* Work task
Starting at the first line of the records and stopping at the line that contains "DARK TAN HANDBAG", transcribe every line exactly and leave out the pictures.

_ _ _

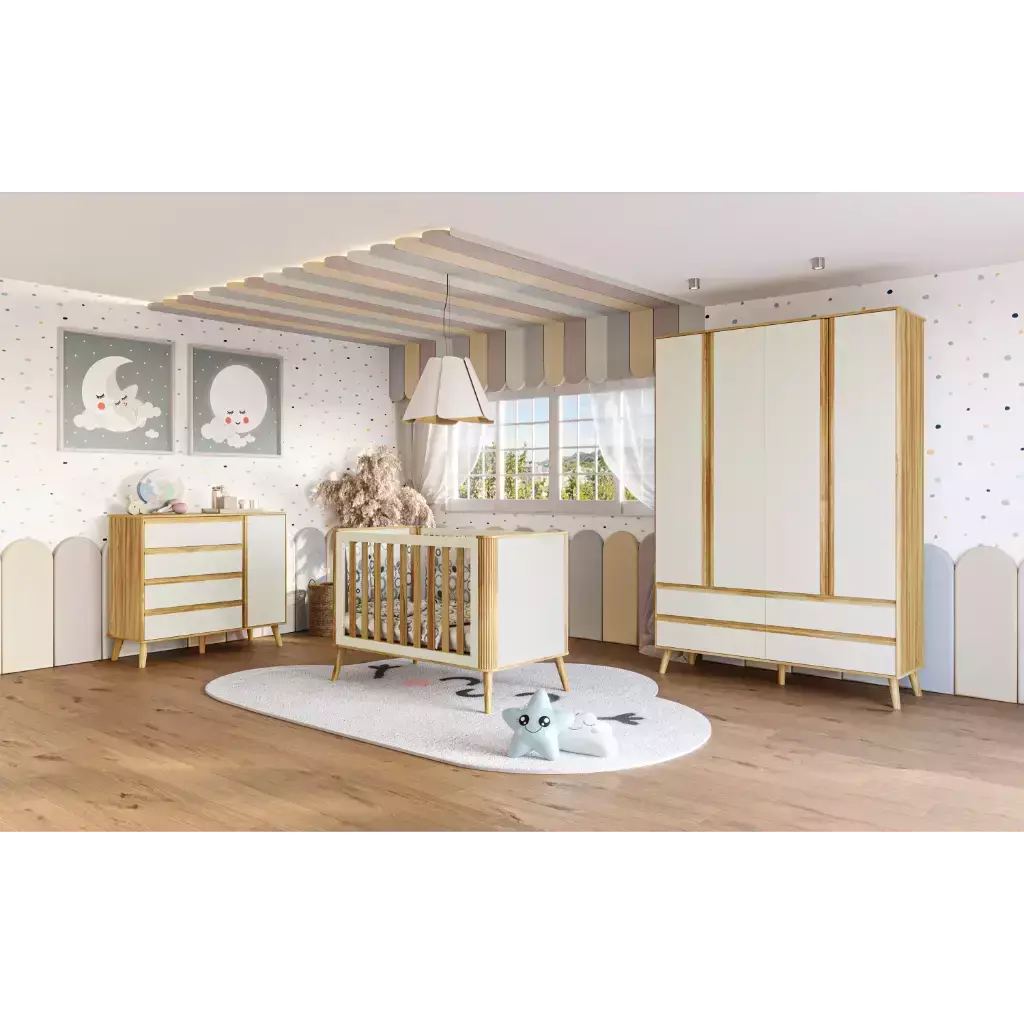 Fabricado em MDF, 04 portas , gavetas com corrediças telescópicas, cantos arrendodados , pés em madeira,pintura atóxica, puxadores cavas, acabamento interno linho, sistema anti tombamento;
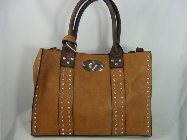 DARK TAN HANDBAG WITH BROWN HANDLES AND GOLD HARDWARE
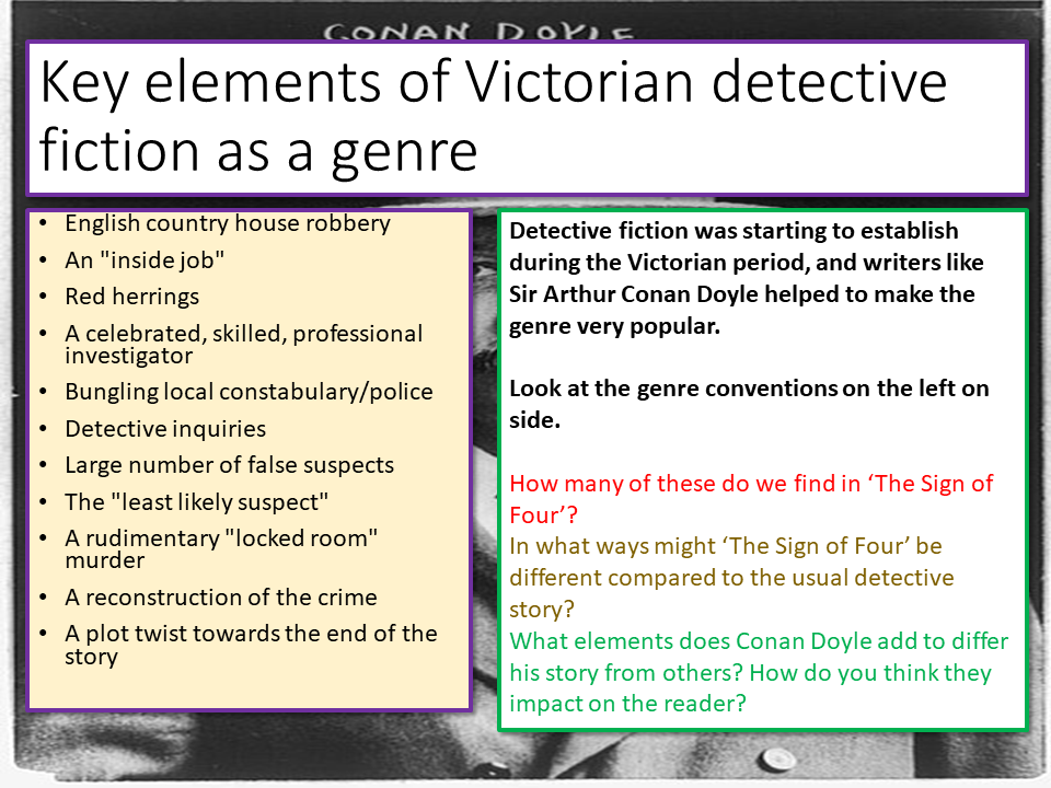 Sign of Four - A fully differentiated lesson that focuses on Chapter Nine and helps students to consider Victorian detective fiction genre conventions, how Conan Doyle uses them to his advantage and how Sherlock Holmes is presented in the chapter. A brilliant lesson for those students analysing The Sign of Four by Sir Arthur Conan Doyle for AQA English Literature Paper 1 or for KS3 students, too.
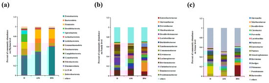 (a–c) Community bar plot analysis at phylum, family, and genus level.
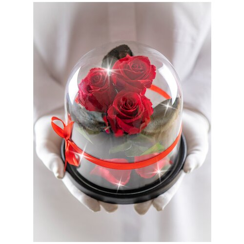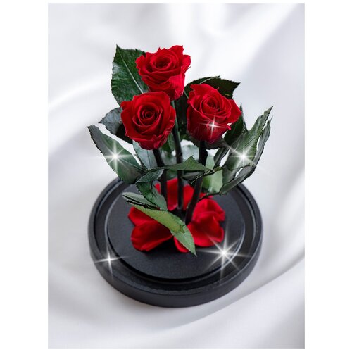 Живая роза в колбе Therosedome Трио Мини 3х4см Стабилизированная, цвет: красная
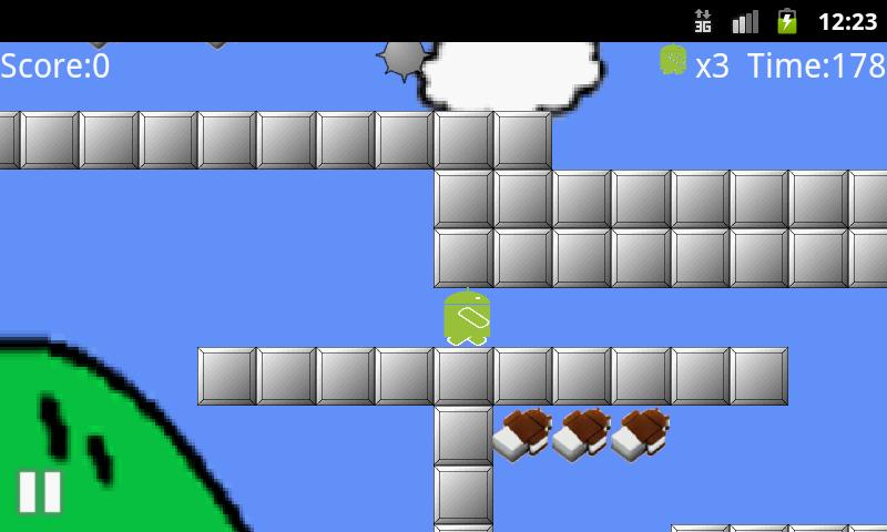 這個程序是一個遊戲操作中的Android吉祥物熟悉的綠色的傢伙,並在舞台上飛奔。
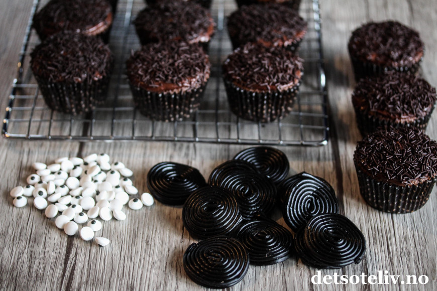 Vil du bake noe morsomt og lettvint til Halloween uten at kaken ser for avskrekkende ut, er disse søte Edderkoppmuffinsene et supert tips! Du tryller dem enkelt frem med noen sukkerøyne, sjokoladestrøssel og lakrislisser.
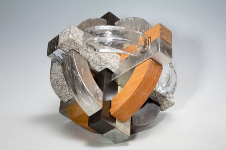 Title, top: Johannes Stumm, "Twelve" glass, bronze, stainless steel, limestone, granite, 54 x 54 x 54 cm
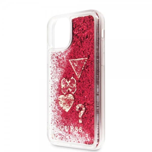 • Guess iPhone 11 Kuori Kimallus Hearts Punainen
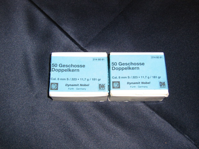 Zum Verkauf stehen hier 2 ungeöffnete Schachteln (je 50 Stk.) RWS Doppelkerngeschosse im Kaliber 8mm S /.323 mit einem Geschossgewicht von 11,7 Gramm. Verkauf wegen Umstellung auf bleifrei / Überbestand. Privater Verkauf ohne Rücknahme, Garantie und Wandlung!
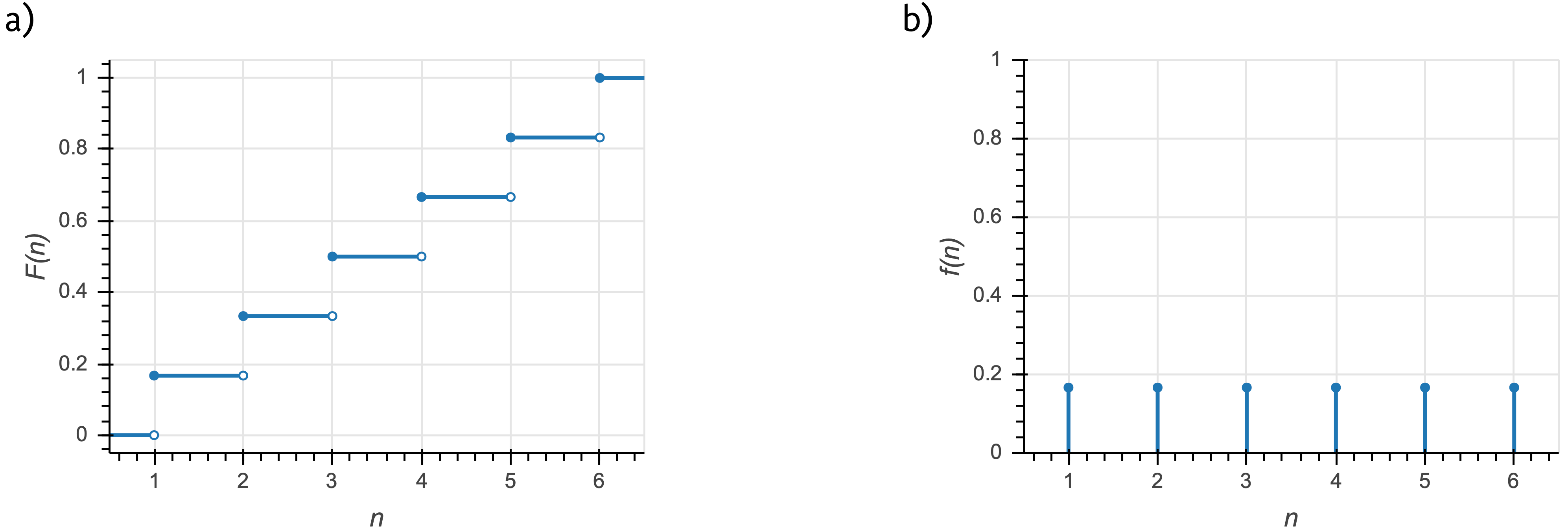 The PMF is a probability, unlike the PDF. An example of a CDF and a PMF for a discrete distribution are shown in the figure below. In this example, \(n\) is the outcome of the roll of a fair die (\(n\in\{1,2,3,4,5,6\}\)).
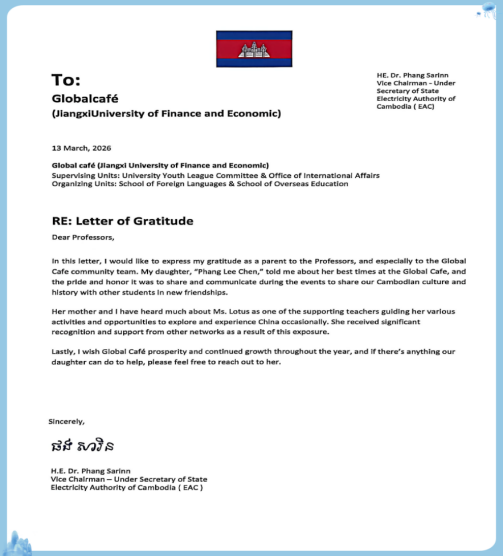 柬埔寨电力总局(EAC)副主席PhangSarinn博士发来感谢信及赠送柬埔寨吴哥窟特色木雕,对我校GlobeCafé平台为其女儿PhangLee Chen(25级国际商务硕士生)提供的文化交流机会表示诚挚谢意,并盛赞GlobeCafé的国际文化交流价值。有位外省同学坦言有时自觉和留学生一样有漂泊他乡之感,甚是孤独,但参加完活动后心情舒畅,期盼下期早日到来。华东交通大学师生、南昌五中国际部学生、南昌工程学院留学生等校外人士也纷纷慕名而来,这个跨文化大家庭正吸引着越来越多元的参与者。
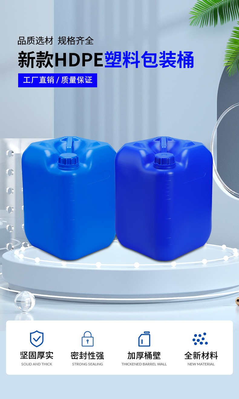 采用全新聚乙烯原料吹塑工藝制作而成,具有耐腐蝕,耐酸堿性,小口設計密封性能強,廣泛應用于化工清潔劑,表面處理劑、輔料添加劑、飼料添加劑, 樹脂農(nóng)藥,日用化學品,聚氨酯、膠黏劑 消泡劑 電解液等各行業(yè)液體包裝。

_ _ _

* Response to this exercise
 Fabricado em MDF, 04 portas , gavetas com corrediças telescópicas, cantos arrendodados , pés em madeira,pintura atóxica, puxadores cavas, acabamento interno linho, sistema anti tombamento;
 DARK TAN HANDBAG WITH BROWN HANDLES AND GOLD HARDWARE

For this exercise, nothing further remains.